でも少し意外だ、先輩ってこういうところはちゃんとしてるんだな。ちょっとだけ見直した、ちょっとだけだけど。だいたい本当にちゃんとしてたら付き合ってもない人間に突然キスなんかするかよって。

「それでね、これ」

どうやら話は事の顛末の報告だけでは終わらないようだった。彼女の神妙な面持ちの理由の大半はどうやらここにあったらしい。彼女はあのときおれに差し出したように空色をした封筒を取り出すと、おれに渡して「早くしまって!」と急かしてきた。いや、あの、これは一体。

「八神先輩が、矢吹くんに渡してって……」

「へ!?」

訳も解らず手紙をしまったおれに告げられたのは、とんでもない差出人だった。

八神先輩が手紙を、おれに!?何でわざわざ、そんなこと……。

『貴様は、此れを渡されて何か思う事は無かったのか』

先輩の言葉が頭を巡る。思うことなんて、何もない、なかったはずだ。今おれの胸に広がる何らかのほろ苦さは彼が寄越した手紙のせいだ。

「あの、私何かまずいこと書いちゃったのかな……ごめんね矢吹くんにまで迷惑掛けて……」

「い、いや、大丈夫!!大丈夫っていうかその、おれの方で何とかするから!!」

何も知らない彼女はやや本気のトーンでおれの事を心配してくれたから、ただ申し訳なくてその場を立ち去る。

何で、こんなにも先輩のこと本気で好きな子がいるのに、あんなにたくさん取り巻きだっているっていうのにどうしておれにばっかりこうなんだよ、どうして。

 

結局体育館には行かずに屋上でひとり、手紙を開けてみることにした。

封筒はまっさらで、中にはちゃんと便箋は入っているけどこの分じゃどうせ白紙か何かだろう。こんな悪戯にわざわざ何かを書いて寄越す程律儀な人じゃないよな。
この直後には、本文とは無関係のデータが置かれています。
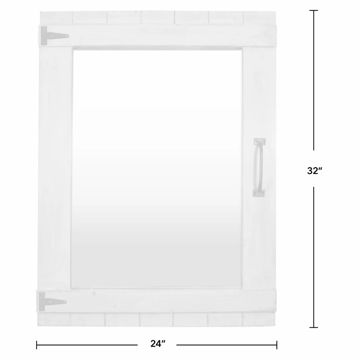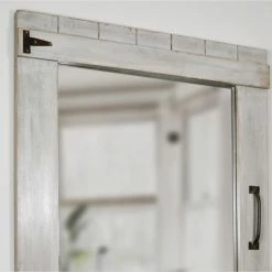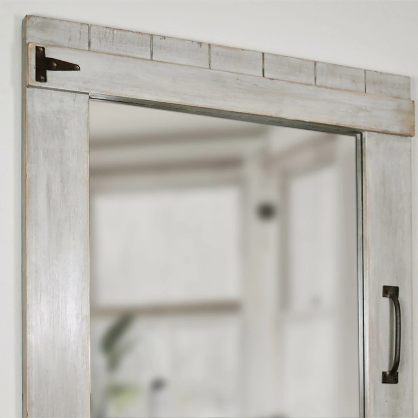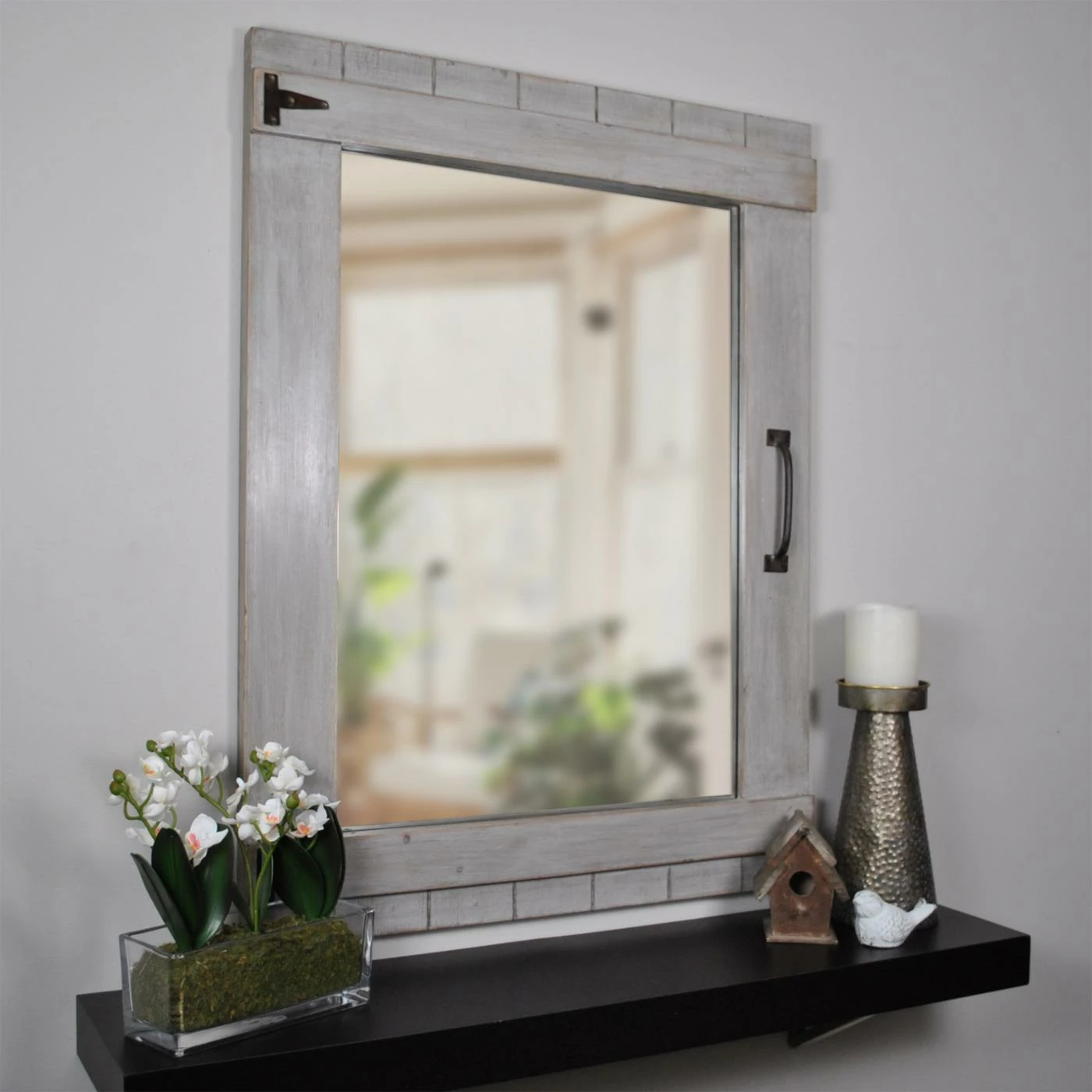 Infuse your space with rustic charm by hanging the FirsTime Weathered Barn Wall Mirror – 24W x 32H in. in your home. This mirror boasts an engineered wood frame with antiqued metal barn door accents.
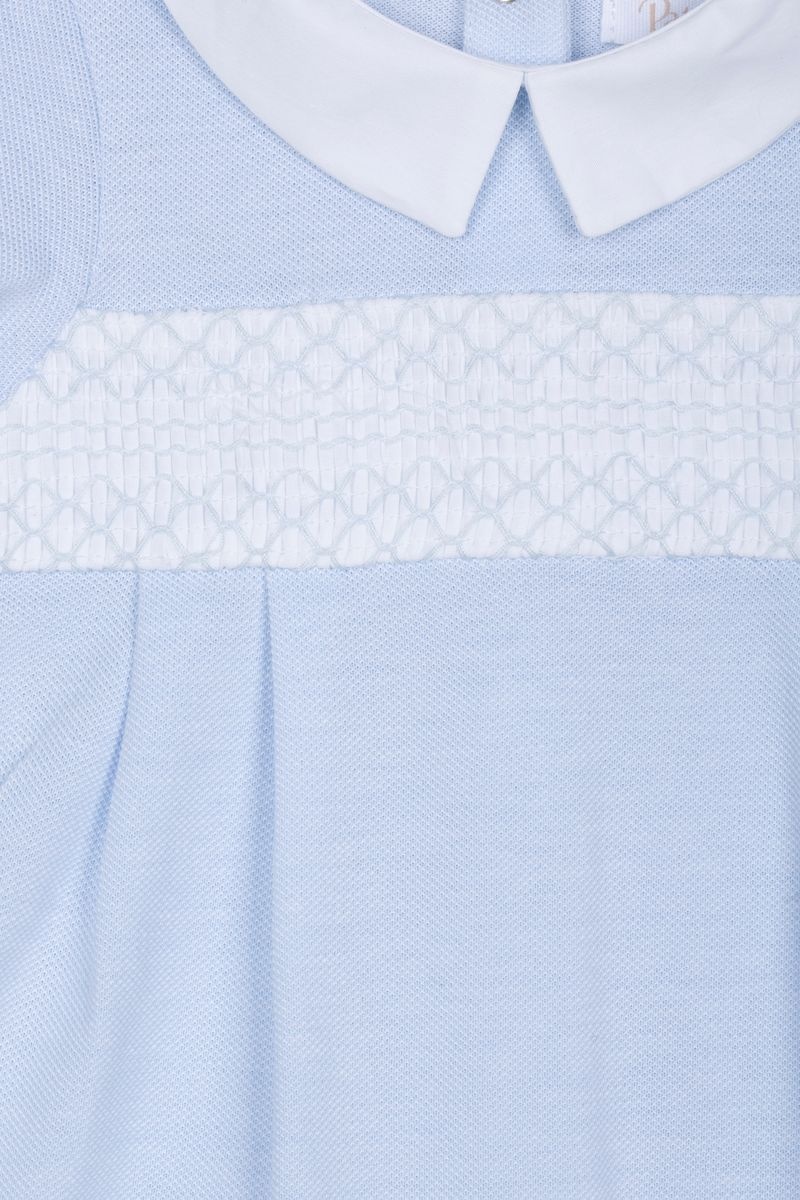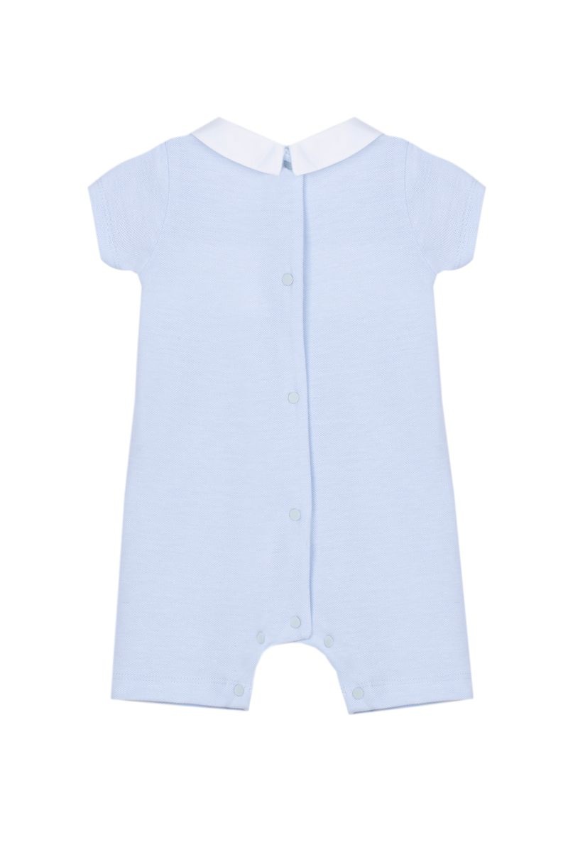 • Blue romper with a pretty collar and snap buttons at the back and crotch.

それでも一応取り出して広げてみる。便箋は二枚あって、それぞれ多くの余白を残して何かが書かれていた。

「……は」

思わず吐息と一緒に短い声が漏れた。シャーペンで書かれた、綺麗な文字。便箋は何故か横向きになっていて言葉は縦書きに綴られていて果たし状みたいだ。

『今日の放課後、裏庭で待つ。』

だ、なんて、本当に果たし状じゃないか、こんなの。そう思って二枚目に目を通す。

『会いたい。』

「ばっっっっっ……」

……かじゃねえの……!!

柄にもなくそんな言葉が口を突いて出る。

くしゃっと手の中で封筒ごと便箋を握り潰したらおれの胸ごと潰れてしまいそうだ。

屋上のドアが軋みながら開いた。此方に近付いてくる足音に、「まだ放課後じゃないんですけど」、そう言うのが、今は精一杯だった。